Check out some of his pieces at the link above.

Wednesday, 22 October 2008

The Buck Stopped Here, Again

Filed under: Family, Mom — Tags: , , , , — dcmacdaddy @ 22:52

Following up on this posting from last Saturday, Mr. Buck decided to pay a daylight visit today. I was in the sun-room again, messing around on the computer. Out of the corner of my eye, I see what looks like a large deer move through the back yard. I get up to investigate and see “my” buck scratching his antlers on a pine tree in the back yard.

I grabbed my camera and headed outside. I spent 15-20 minutes trying to take pictures in the fading light with (very) limited success. Out of 44 pics taken with my little point-and-shoot camera, only three of them were even close to being usable/useful. So, here they are. This is my six-point buck from last Saturday night. Isn’t he beautiful?

Buck At Dusk 01

Buck At Dusk 01

Buck At Dusk 03

Buck At Dusk 03

Lipstick on a Pig

Hmm, what was Sarah Palin’s claim about being in touch with “real Americans”, the ones who are the “Joe Six-Packs” of the world? How many of these “real Americans” can afford to, and would want to, buy clothes from Neiman-Marcus, Saks Fifth Avenue, Barneys, or Macys? Well, it would seem that at least one of those “real Americans” likes to shop at those high-end clothing stores: That would be Sarah Palin herself.

Politico has an interesting piece on the $150,000 spent by the Republican National Committee on clothes and other accessories for Sarah Palin since she was selected to be the Republican vice presidential candidate.

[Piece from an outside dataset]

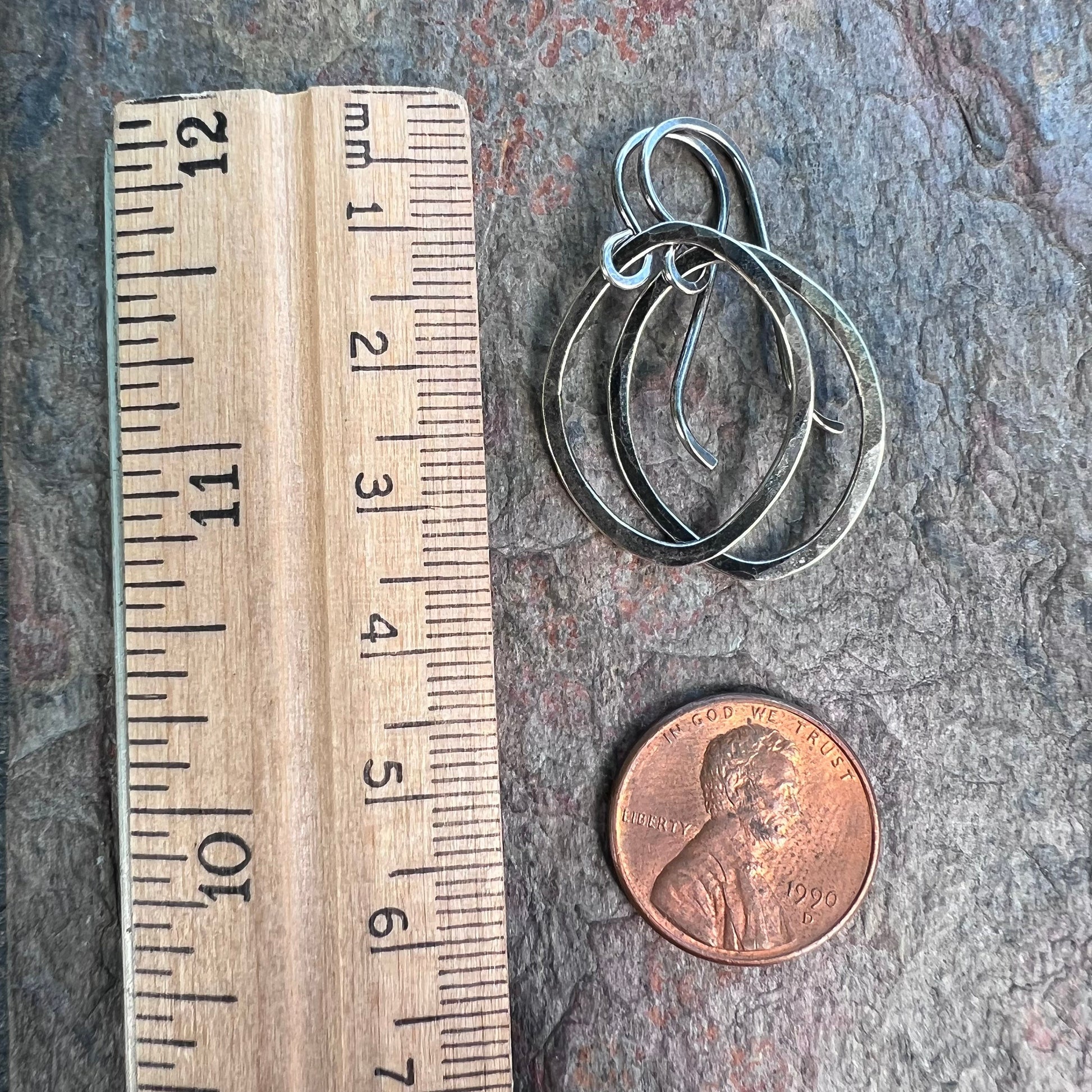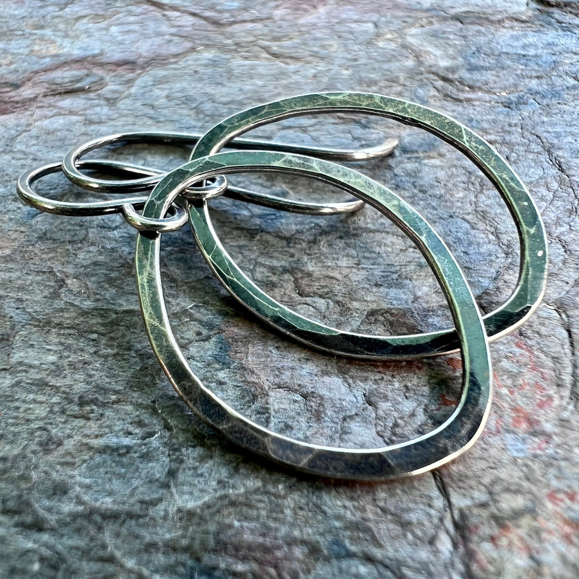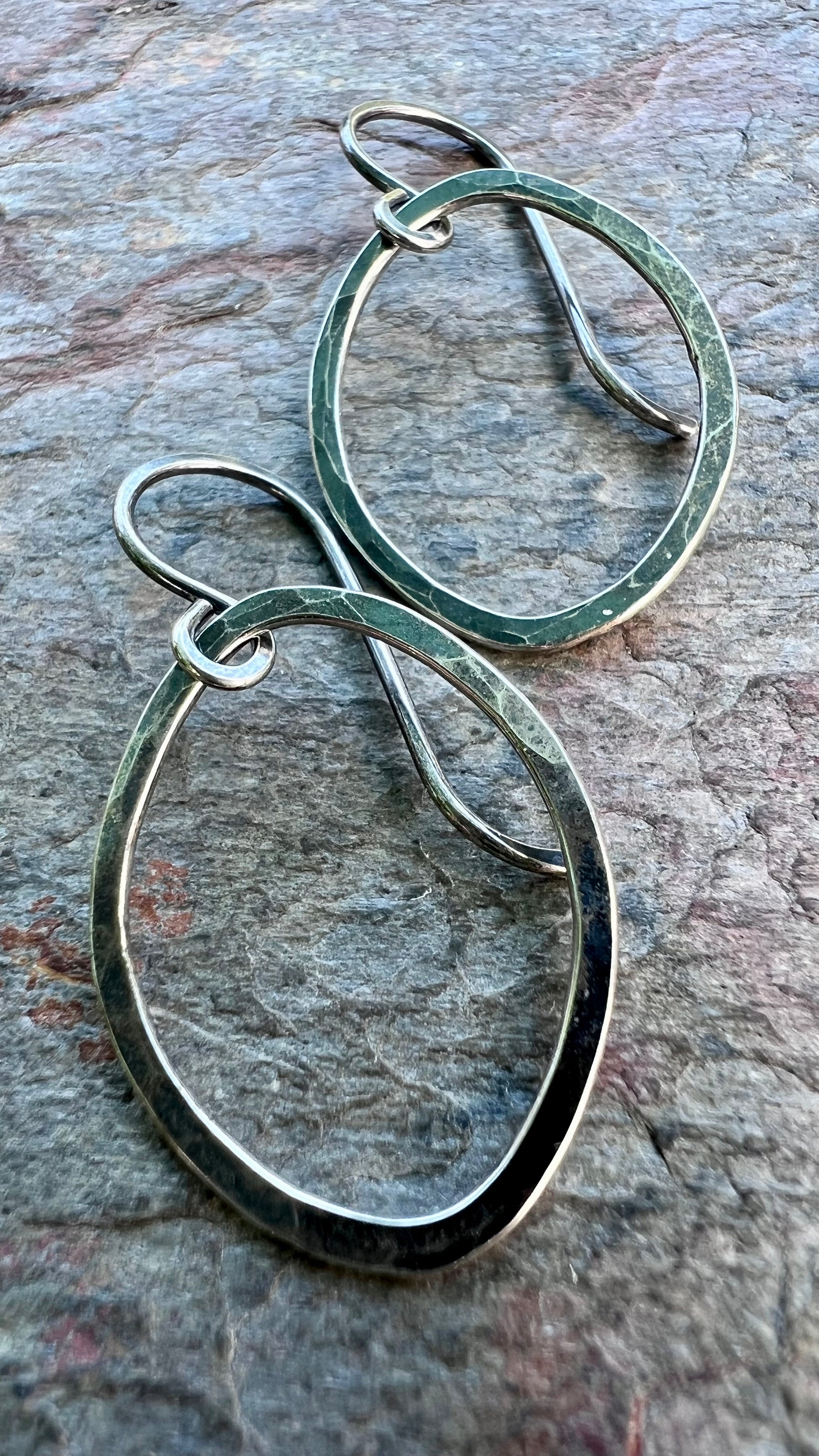 Two freeform organic ovals are created from solid sterling silver. I have carefully formed, soldered, and hammered each oval by hand. The earrings hang from handmade sterling silver earwires.

That selection occurred a little over two months ago which gives them a pretty substantial burn-rate for their $150,000 expenditure.

I am totally down with a candidate’s, and their backing political party’s, desire to make a good impression. But the incongruity is startling when the RNC promotes Sarah Palin as an everyday “real American” while buying her clothes from some of the finest boutique stores in the country. (Granted, Macy’s is not high-end boutique like Barney’s or Saks, but it sure as Hell ain’t Lands End or J. Crew.)

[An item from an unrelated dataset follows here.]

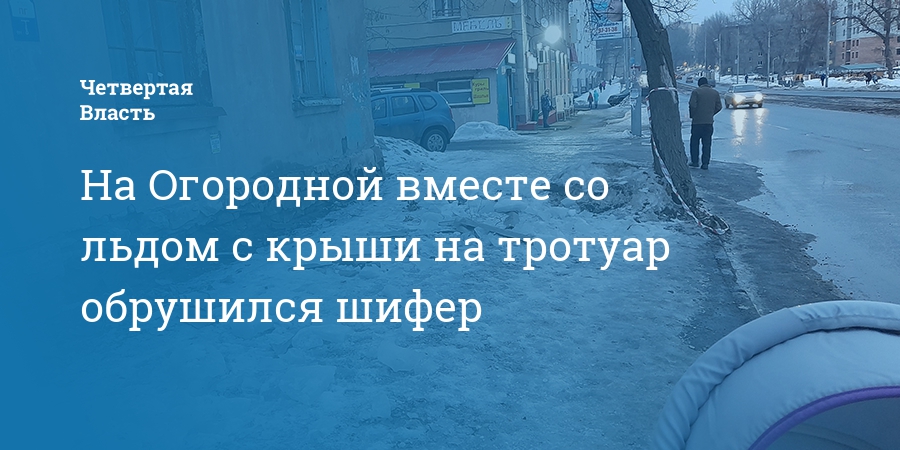 На Огородной вместе со льдом с крыши на тротуар обрушился шифер
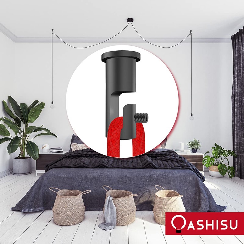 OASHISU Pack of 3 Wall and Ceiling Pins Surface-Mounted Cable Holder for Lamp Textile Cable Holder as Ceiling Mounting Cable Holders Wall Mounts Ceiling Mounts DIY with Screws and Dowels Black

How do everyday “real Americans” afford to shop like that at boutique clothiers? They don’t! That type of shopping is the domain of the wealthy and is most often associated in the mass media with the Liberal elites in NYC or Hollywood. [Oh, Yes! I did go there. I threw out the L-word.]

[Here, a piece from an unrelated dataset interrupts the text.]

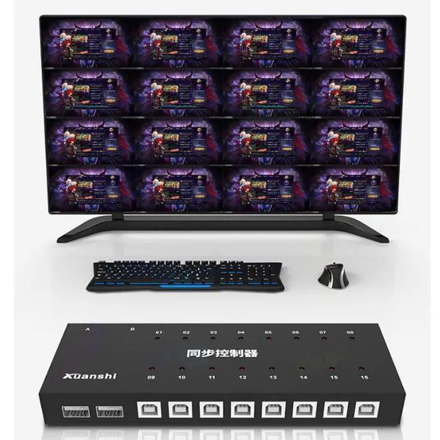 Multiple port distributors: The Multi-Port Synchronizer allows for free switching or simultaneous control of 16 ports at the touch of a button. As a KM Synchronizer, it can switch between hotkey mode and simultaneous keystroke mode for quick and easy operation.

So, just how dumb do they think we are? Do they really think we won’t recognize the dissonance between how Sarah Palin is portrayed as an everyday “real American” citizen-politician but in reality is just as much a superficial, self-absorbed ideological huckster as every other politician who uses the public’s money for their own gain? Come on, this revelation makes her no different from all the other politicians in this country who present themselves in one way to their public and act the opposite way when out of the glare of the TV lights.

So, stop pretending that she is Simple Sarah.